- Work item -
Reproduce exactly the run of lines that begins with the one containing "Ивановский Промышленно-Экономический Колледж" and ends with the last line of the records, omitting pictures.

- Data shown -
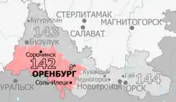 | Districts | Ileksky, Kurmanayevsky, Novosergiyevsky, Orenburg (Leninsky, Tsentralny), Orenburgsky, Pervomaysky, Perevolotsky, Sol-Iletsk, Sorochinsk, Tashlinsky, Totsky |
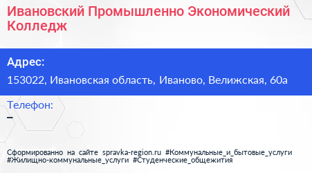 Ивановский Промышленно-Экономический Колледж по адресу 153022, Ивановская область, Иваново, Велижская, 60а в дальнейшем Организация, размещена в следующих категориях:
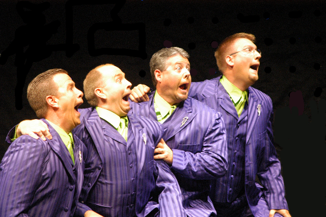 Sometimes we're in tuxes, sometimes we're in blue jeans and coveralls as Dairymen in a melodrama. This is from "Dire Days at the Dairy - or Udder Mayhem" - our April 2012 annual show.
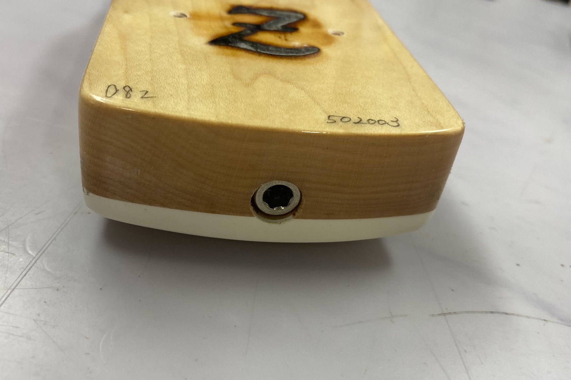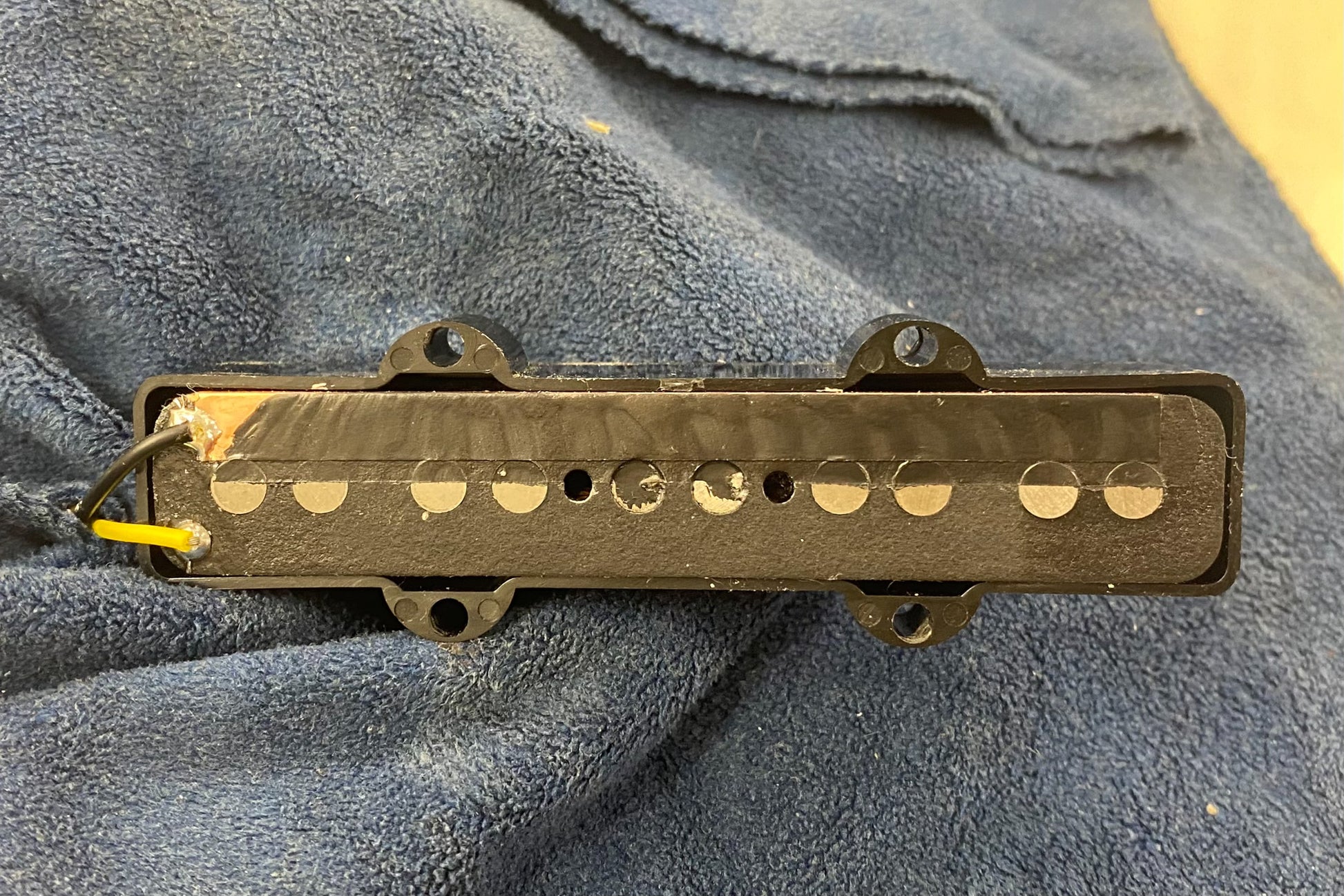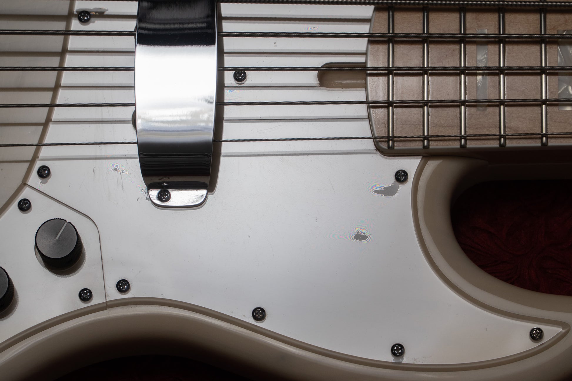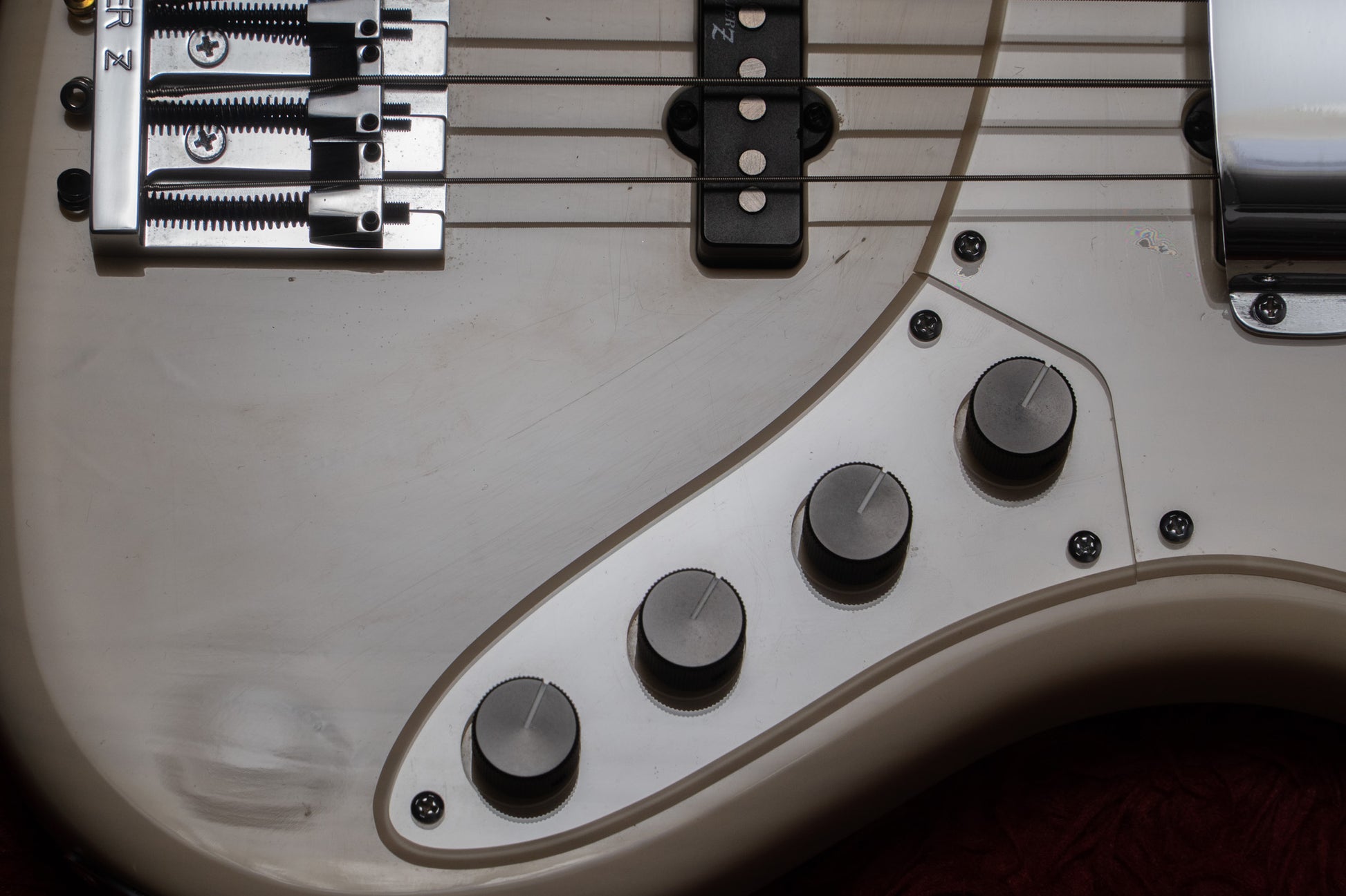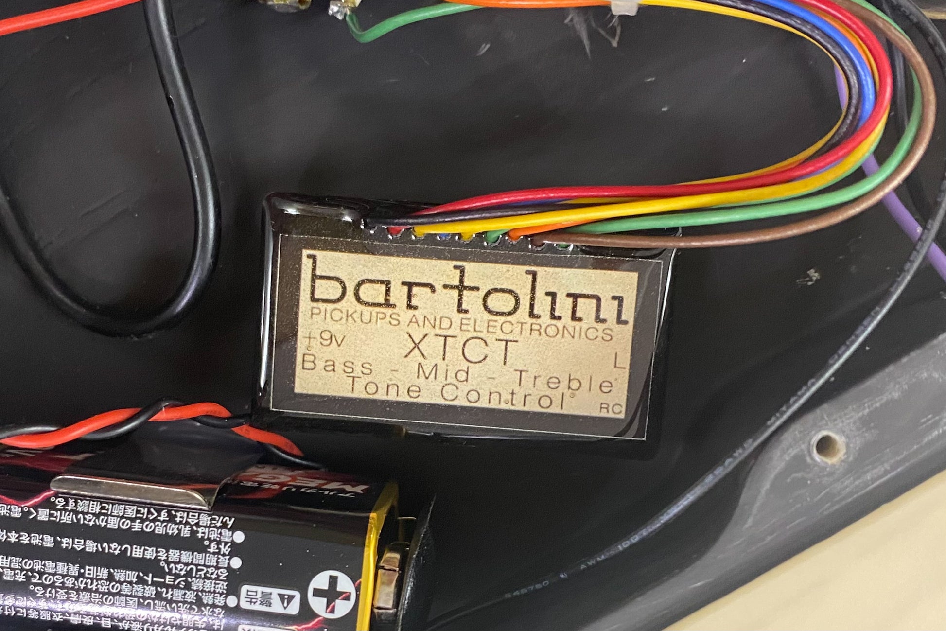 Controls: Neck pickup volume, bridge pickup volume, treble, bass, middle (in cavity)
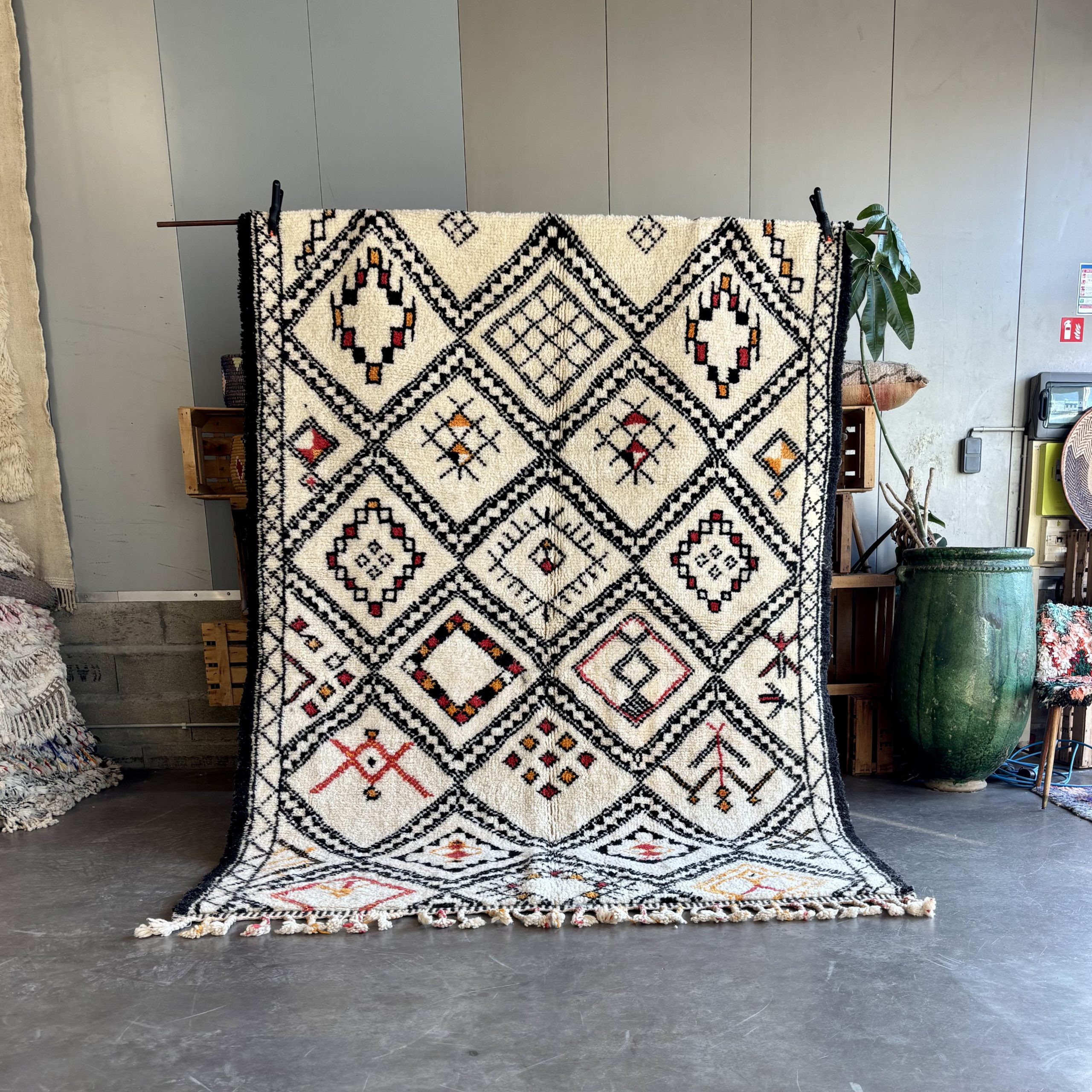 Ce tapis marocain Beni Ouarain est une pièce d’artisanat authentique, fabriqué à la main par des artisans berbères dans les montagnes de l’Atlas. Avec ses motifs géométriques subtils et ses couleurs naturelles, il apporte une touche d’élégance et de chaleur à n’importe quel intérieur. Ce tapis en laine 100% naturelle offre une texture douce et confortable, idéale pour les espaces de vie modernes ou traditionnels. Ses dimensions généreuses et ses finitions soignées font de ce tapis un choix parfait pour ceux qui recherchent une décoration à la fois chic et intemporelle. Ajoutez ce tapis Beni Ouarain à votre collection pour enrichir votre décoration d’intérieur avec une pièce authentique et durable.

- Answer to the problem -
 Ивановский Промышленно-Экономический Колледж по адресу 153022, Ивановская область, Иваново, Велижская, 60а в дальнейшем Организация, размещена в следующих категориях:
 Sometimes we're in tuxes, sometimes we're in blue jeans and coveralls as Dairymen in a melodrama. This is from "Dire Days at the Dairy - or Udder Mayhem" - our April 2012 annual show.
 Controls: Neck pickup volume, bridge pickup volume, treble, bass, middle (in cavity)
 Ce tapis marocain Beni Ouarain est une pièce d’artisanat authentique, fabriqué à la main par des artisans berbères dans les montagnes de l’Atlas. Avec ses motifs géométriques subtils et ses couleurs naturelles, il apporte une touche d’élégance et de chaleur à n’importe quel intérieur. Ce tapis en laine 100% naturelle offre une texture douce et confortable, idéale pour les espaces de vie modernes ou traditionnels. Ses dimensions généreuses et ses finitions soignées font de ce tapis un choix parfait pour ceux qui recherchent une décoration à la fois chic et intemporelle. Ajoutez ce tapis Beni Ouarain à votre collection pour enrichir votre décoration d’intérieur avec une pièce authentique et durable.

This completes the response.